Task prompt: All lines below between the line with "Sejumlah warga menyantap" and the line with "Visit Proof |", including both, must be copied exactly, and the pictures must be omitted.

Provided records:
----------
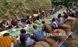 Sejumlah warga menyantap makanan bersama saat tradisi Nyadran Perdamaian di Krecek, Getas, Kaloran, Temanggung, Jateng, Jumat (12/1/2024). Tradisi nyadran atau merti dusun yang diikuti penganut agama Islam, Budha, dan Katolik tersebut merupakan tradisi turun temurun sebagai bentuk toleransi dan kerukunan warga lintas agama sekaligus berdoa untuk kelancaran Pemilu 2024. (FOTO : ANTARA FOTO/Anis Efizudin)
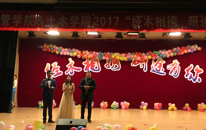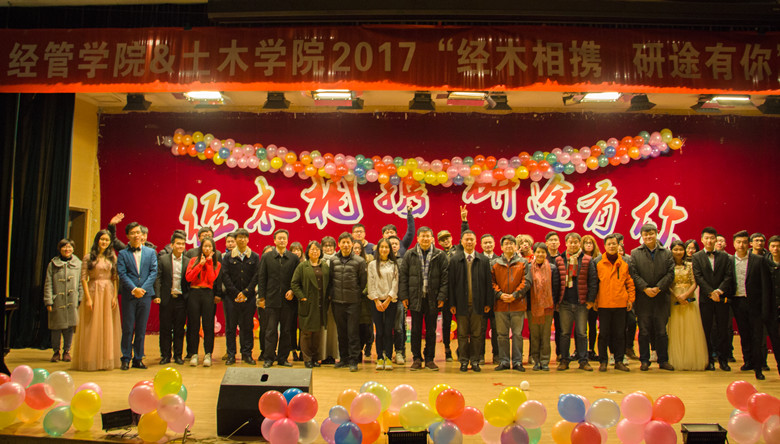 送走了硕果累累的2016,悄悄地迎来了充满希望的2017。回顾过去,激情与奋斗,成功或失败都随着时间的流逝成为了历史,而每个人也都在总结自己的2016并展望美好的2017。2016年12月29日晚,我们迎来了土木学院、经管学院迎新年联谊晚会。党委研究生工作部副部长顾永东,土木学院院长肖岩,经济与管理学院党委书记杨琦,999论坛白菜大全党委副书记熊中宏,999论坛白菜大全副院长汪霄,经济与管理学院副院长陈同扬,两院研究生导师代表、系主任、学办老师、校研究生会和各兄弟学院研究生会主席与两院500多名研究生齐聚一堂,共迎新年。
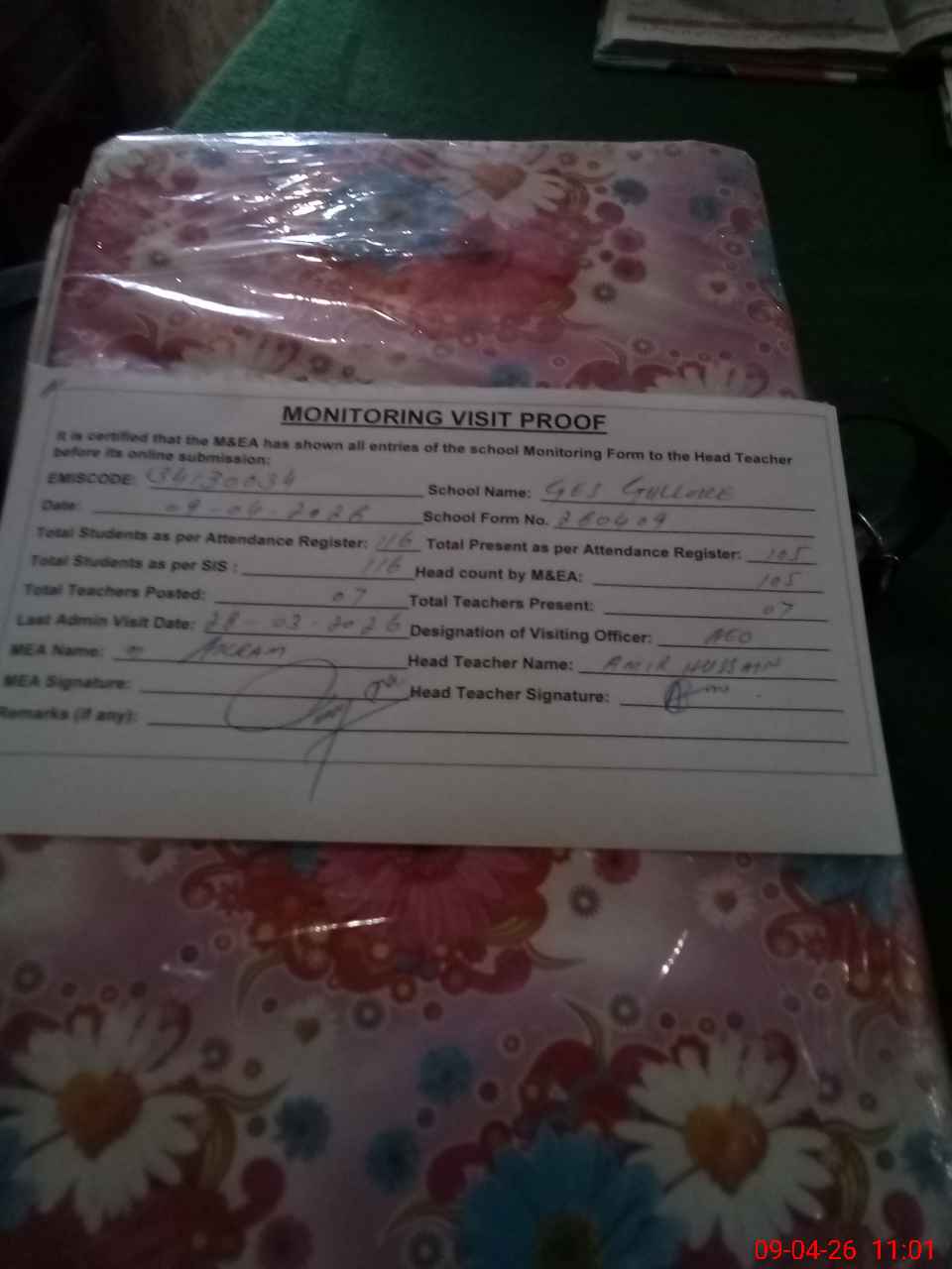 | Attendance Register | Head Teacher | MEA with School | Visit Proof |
----------
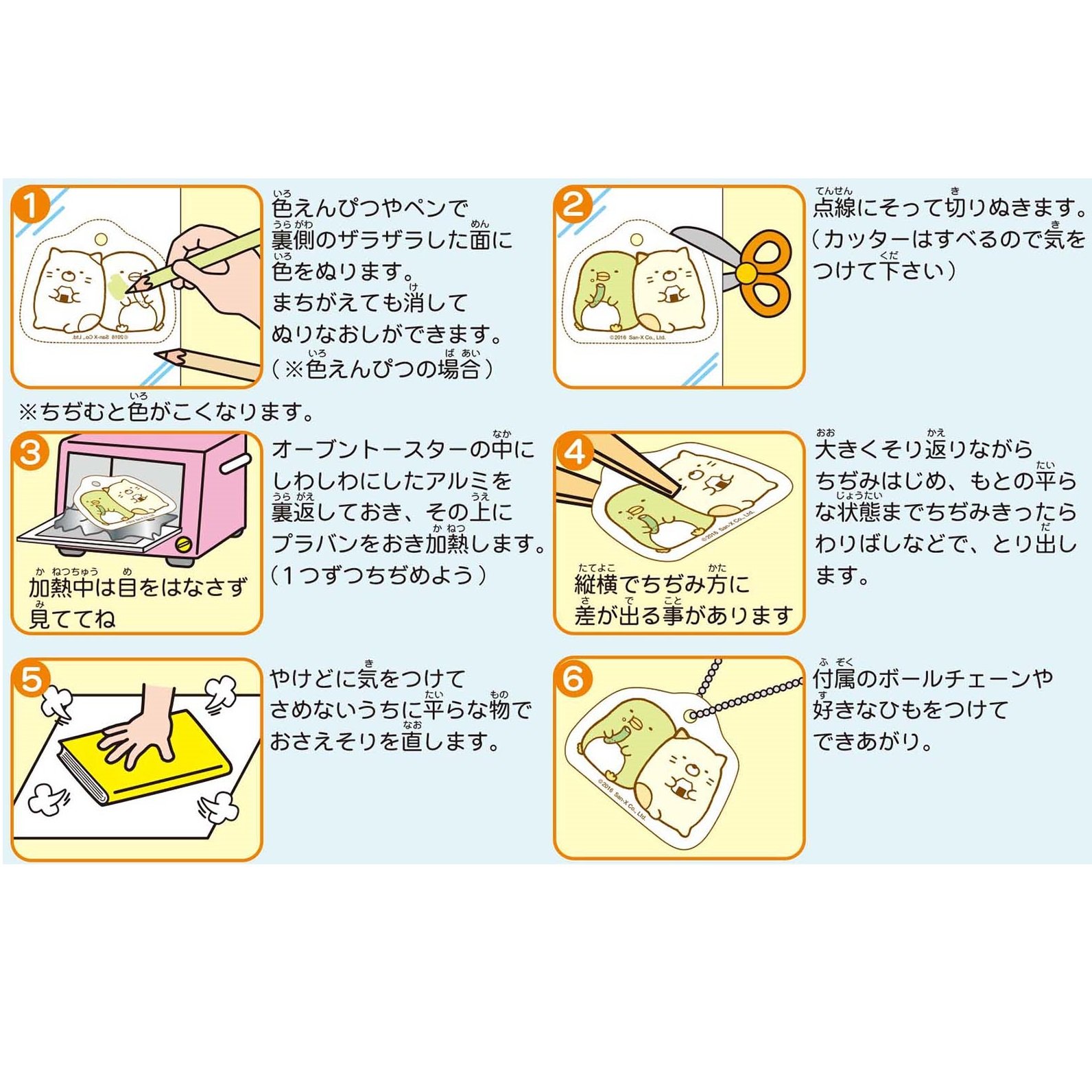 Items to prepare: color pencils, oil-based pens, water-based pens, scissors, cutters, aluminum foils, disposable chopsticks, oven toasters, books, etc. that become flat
----------
Task solution:
 Sejumlah warga menyantap makanan bersama saat tradisi Nyadran Perdamaian di Krecek, Getas, Kaloran, Temanggung, Jateng, Jumat (12/1/2024). Tradisi nyadran atau merti dusun yang diikuti penganut agama Islam, Budha, dan Katolik tersebut merupakan tradisi turun temurun sebagai bentuk toleransi dan kerukunan warga lintas agama sekaligus berdoa untuk kelancaran Pemilu 2024. (FOTO : ANTARA FOTO/Anis Efizudin)
 送走了硕果累累的2016,悄悄地迎来了充满希望的2017。回顾过去,激情与奋斗,成功或失败都随着时间的流逝成为了历史,而每个人也都在总结自己的2016并展望美好的2017。2016年12月29日晚,我们迎来了土木学院、经管学院迎新年联谊晚会。党委研究生工作部副部长顾永东,土木学院院长肖岩,经济与管理学院党委书记杨琦,999论坛白菜大全党委副书记熊中宏,999论坛白菜大全副院长汪霄,经济与管理学院副院长陈同扬,两院研究生导师代表、系主任、学办老师、校研究生会和各兄弟学院研究生会主席与两院500多名研究生齐聚一堂,共迎新年。
 | Attendance Register | Head Teacher | MEA with School | Visit Proof |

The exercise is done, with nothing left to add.